When someone famous dies, especially someone with a great talent like Joan Rivers, we would all like to learn something from the experience. But we must keep in mind that we may never know some of the facts about what happened to this great comedienne and we probably never will. And if we are to learn something from her experience we must not speculate but rather stick to what we do know:

According to sources at New York's Mt. Sinai Hospital where the 81-year-old was brought after an endoscopic procedure at Yorkville Endoscopy, (she was probably treated with an intravenous anesthetic agent such as propofol or possibly sedation from other drugs like Valium and Demoral), she sustained a cardiac arrest, was resuscitated, with damage to her brain from the period of insufficient oxygen to the brain.

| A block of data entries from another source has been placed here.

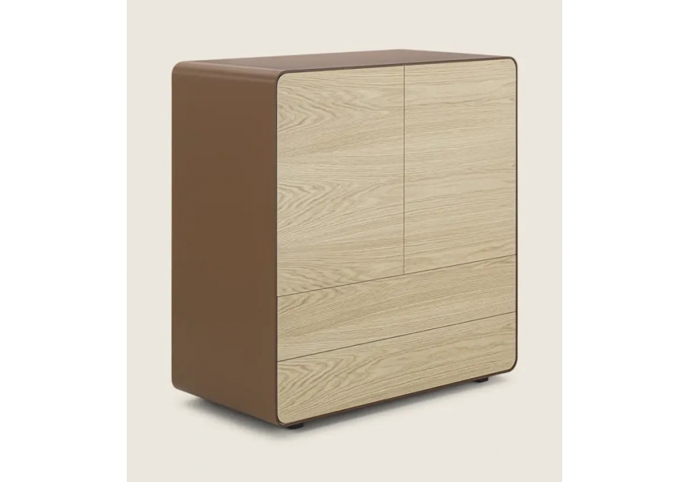 Clarence diseñado por Antonio Citterio para Flexform es un mueble contenedor con estructura de madera, disponible en diferentes acabados. Revestimiento en cuero en varios colores. Se apoya sobre patas de madera pintadas en negro mate. Disponible con dos o tres cajones.
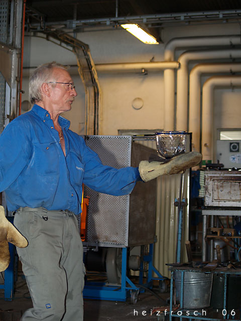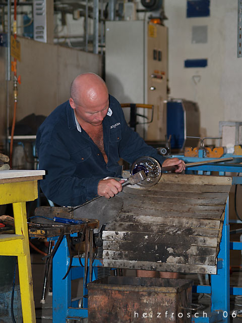 Weiter gehts nach Orrefors, wo wir mangels anderer Interessenten eine »private« Führung auf Englisch von einem freundlichen jungen Mann namens Frederik bekommen. In Orrefors wird u.a. der amerikanische »People's Choice Award« gefertigt, und dort wurden auch diverse Technologien (z.B. Mehrschichtfarbglas mit Motiven im Glas) erfunden. Wir besuchen auch dort noch den Shop, alles ist wieder sehr lecker, wieder sehr teuer, aber was soll der Geiz!
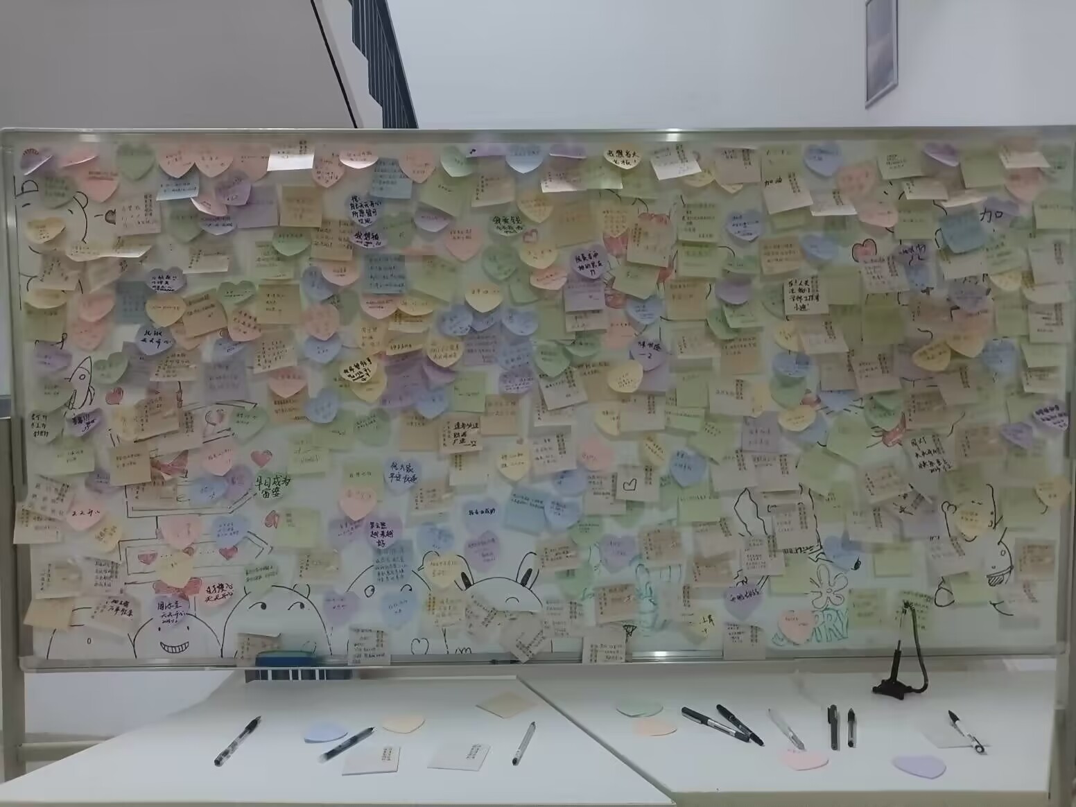 活动开始前,同学们对心理中心的参观充满了好奇,在等待上一班同学参观结束后进入心理中心,印入眼帘的是贴在墙边的卡通人物画,被镭射蝴蝶包围的照片墙,天花板上悬挂着气球与千纸鹤,走廊的尽头是心理知识小科普与心愿树。接着,工作人员引领同学们进入团辅室观看心理中心相关介绍视频。观看结束后,在团辅室外排好队,由工作人员带领,一一参观了接待室、三个个体咨询室、家庭辅导室、沙盘室、音乐放松室和情绪宣泄室。还介绍了接待室可以关注借阅书籍以及关注公众号进行心理咨询预约。最后即将结束参观时,工作人员告知同学们可以在心愿板上留下自己的祝福以及心愿,在一张张便签里,是同学们循梦而行,向阳而生的痕迹。在参观完后听到同学们表示:“心理中心的布置很温馨,让人感到舒适”,“第一次了解到情绪宣泄室的作用”,“期待之后心理中心举办的其他活动”等等。
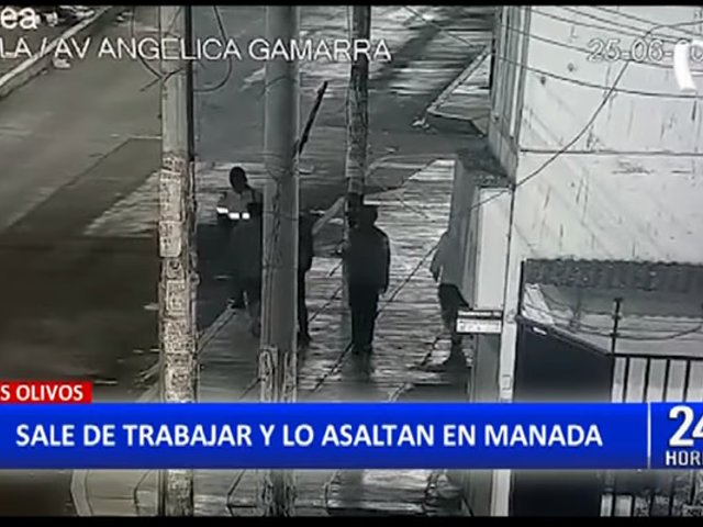 En una concurrida calle de Los Olivos, cámaras de video vigilancia captaron el preciso momento en la que un grupo de hampónes acorrala a un sujeto que salía de trabajar, para robarle sus pertenencias.
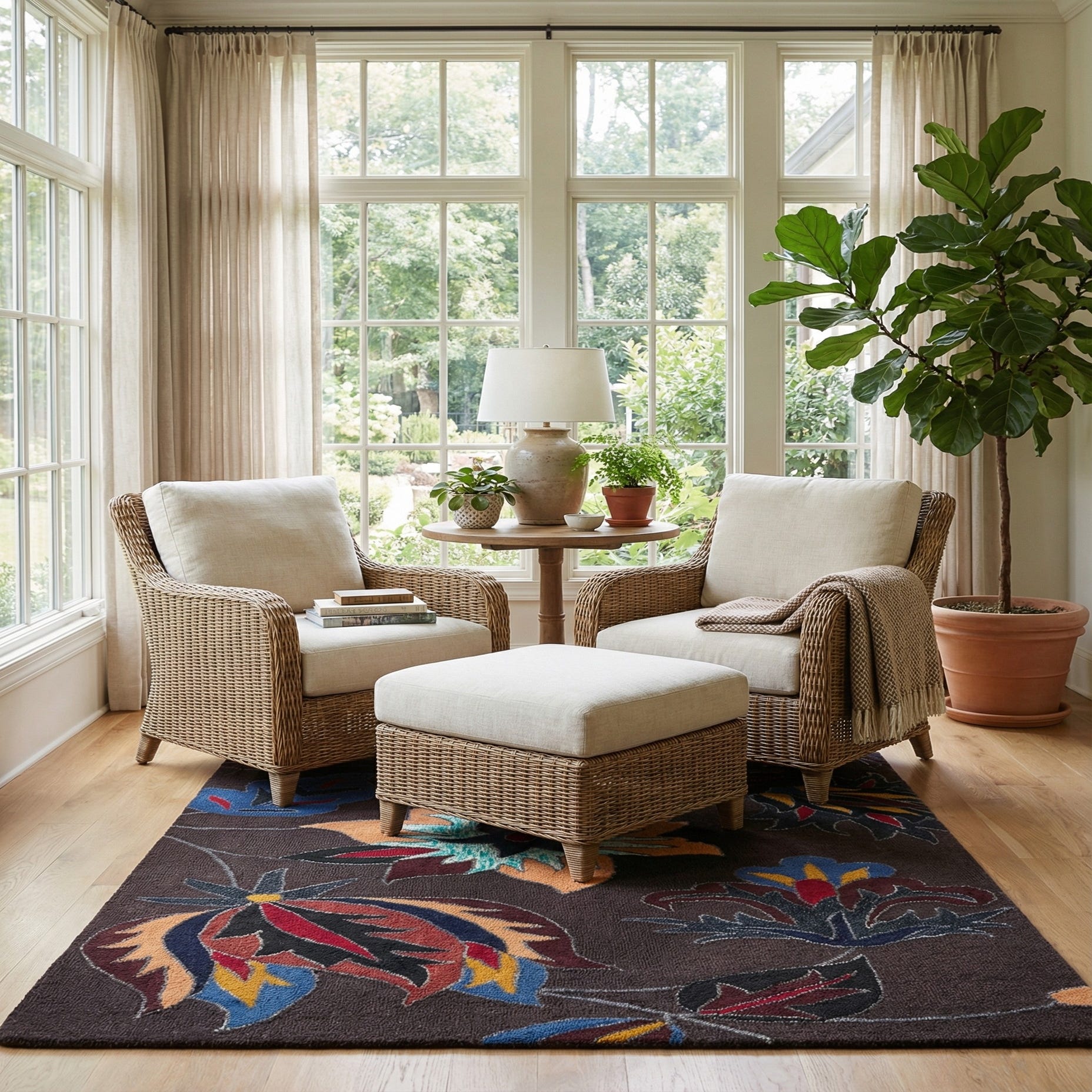 Primary color is Dark Gray. Colors in this rug include: Dark Gray, Black, Blue, Burgundy, Gold, Green, Ivory, Peach, Red.

She was put into a medically induced coma to decrease swelling -- which may mean barbiturates to slow the brain’s metabolism, diuretics, over breathing on the respirator to decrease carbon dioxide, and possibly steroids.

She was subsequently transferred from the ICU but remained on life support.

Chances are great that the brain damage was too severe to warrant continuing her life with artificial means.

So what can we learn?

• The older my patients are, the more reluctant I am to support elective procedures unless they are absolutely necessary.

• If a procedure is essential, find out as much as you can about the doctor performing it as well as the anesthesiologist. Experience matters.

• Your internist or cardiologist plays an important role as a gatekeeper making sure that you are in good shape for the proposed procedure.

• I am reluctant to use free-standing facilities in elderly patients because of the greater risk of complications. Travel time matters. In the rare case of a cardiac or respiratory arrest, precious seconds before resuscitation matter.

• No procedure is risk free.

Elderly patients undergoing any kind of surgery have the highest complication and death rate by far. Assessing patients carefully before and during the procedure are crucial to decreasing the risks.

In terms of endoscopic procedures themselves, the procedure is generally quite safe for all ages, the greatest risk for the elderly comes from the anesthesia. The organs generally most at risk are the lungs, heart, and brain.

The American Society for Gastrointestinal Endoscopy issued guidelines in 2006 which state that “most diagnostic and therapeutic endoscopic interventions can be safely performed in elderly patients." But in terms of sedation, they are quite cautionary, stating that, “moderate sedation in the elderly requires heightened attention to dosing and the effects of standard sedatives. “ The guidelines add that initial doses of sedatives should be lower, and that “intensified monitoring is appropriate for many elderly patients.”

We don’t know for sure the kind of monitoring or sedation that Joan Rivers had.

We don’t know about her underlying health risks or even the exact procedure she had.

We don’t know if she aspirated, had a spasm in her larynx or stopped breathing simply from an excess amount of sedation.

What we do know is that she was 81-years- old, putting her at much greater risk of a side effect of anesthesia.   

Joan Rivers’ millions of fans wish her family the best and are saddened by a significant loss of laughter from the world.

I am certainly in no position to comment on whether the procedure she had was necessary or not and whether it was performed in an appropriate manner. Retrospective medical analysis is the worst kind. And endoscopic procedures are almost always life preserving rather than life ending.

But I can use this unfortunate outcome as a motivation to issue a warning to my patients and patients everywhere:  The older you are the more reluctant you should be to undergo an elective procedure or surgery. And if you do need to have a medical procedure, make sure you have it in the best place possible with the best doctors doing it.

Don’t rush into it; make sure you are carefully screened beforehand by your internist or your cardiologist.